Cynthia and her partner Michele married as soon as they were legally able to do so. But Michele's medical malpractice claim stemmed from before their marriage. So the court had to decide whether, as an unmarried couple -- even one that would have married had it been legally permissible -- Cynthia was eligible for loss of consortium damages. The court ruled she wasn't.

It's not like the loss of consortium action was frozen in time from its creation centuries ago. Used to be only a husband could recover these damages. The Massachusetts court had already extended this cause of action to wives, minor and disabled adult children, and a fetus, later born alive. But the court had also denied recovery to unmarried heterosexual partners, citing the state's "deep interest" in uphold the integrity of marriage.

So it's no surprise that in this case the court reminded us that the many benefits attached only to marriage were part of the reason it had found the ban on same-sex marriage unconstitutional. The court explicitly refused to "erase the bright line between civil marriage and other forms of relationship."

Now I can't say the court would have decided otherwise had it ruled the other way in Goodridge. Probably the outcome would have been the same. But it's the wrong decision. It's not that hard to come up with a test for courts to apply that recognizes when two people living together have relied on each other's love and support to the extent that loss of consortium damages are appropriate. There's really no reason to fear that mere roommates would qualify.
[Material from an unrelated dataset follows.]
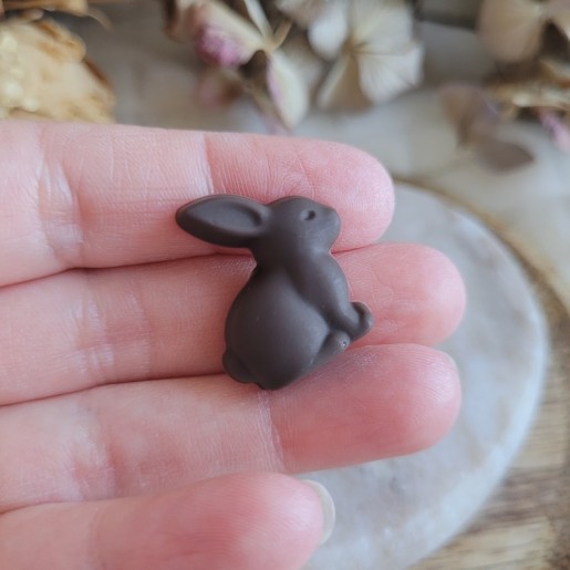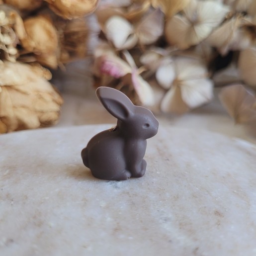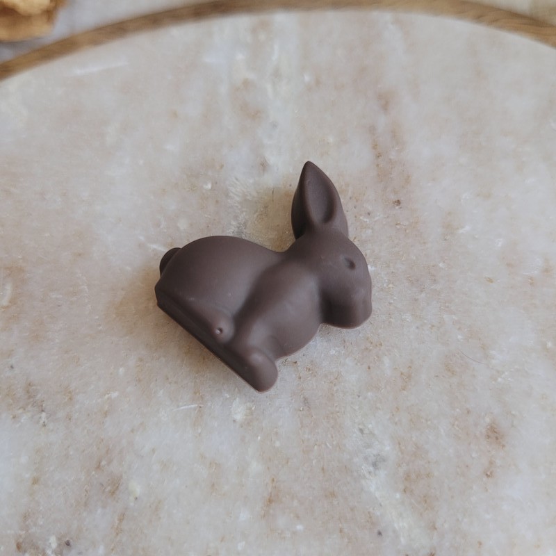• Design : mini lapin en chocolat noir réaliste (trompe-l’œil)

Like so many other legal consequences of marriage, if only the married can get them, what kind of a choice do we really get when we get the right to marry?

Monday, June 9, 2008

YOU CAN MARRY -- BUT SHOULD YOU?

Readers of this blog --and my book -- know that I don't think marriage should be the dividing line in law for relationships that count and those that don't. But now that same-sex couples from all over the country can marry in California as of June 17, many are thinking...should we or shouldn't we? There ARE legal consequences from marrying, and some should make couples think twice. (Caveat: Talk to a lawyer in your state about the consequences of marrying. This blog is not legal advice specifically tailored to you.)

Right now, federal law does not recognize same-sex marriages, but that could change. Barack Obama supports law reform that would treat a couple married under state law as married for all federal law purposes as well. So here is sobering example of how being married under federal law might disadvantage you.

If you are an aging couple and one of you is facing nursing home care for which you need Medicaid payment, you may not want to marry if you own some or all of your assets now in separate names. The assets of both spouses are considered available to pay for either spouse's nursing home care. It doesn't matter whose name is on the asset and it doesn't matter if the couple has a prenuptial agreement. The "noninstitutionalized" spouse will only be able to keep a certain amount of money (called a "resource allowance"); everything else must be used to pay for the care or must be "spent down" before the other spouse is eligible for Medicaid.

The "noninstitutionalized" spouse will be able to remain in the couple's home, but an unmarried partner can also remain in a jointly-owned home, although for an unmarried couple the government may collect part of the value of the home after it is sold. (But the partner will never be forced to sell the home and move out.)

One instance where the couple would be better off married is if the partner facing nursing home care owns most of the assets and the partner who won't be in the nursing home has little assets in his own name. As a married couple, the spousal resource allowance will be available to the "noninstitutionalized" partner; as an unmarried couple, the person entering the nursing home will have to spend down everything, leaving nothing for his partner.

Confusing? You bet! If you think this circumstance applies to you, consult an expert in "elder law" in your state. Some rules do vary from state to state, so what I've written here isn't legal advice you should rely upon.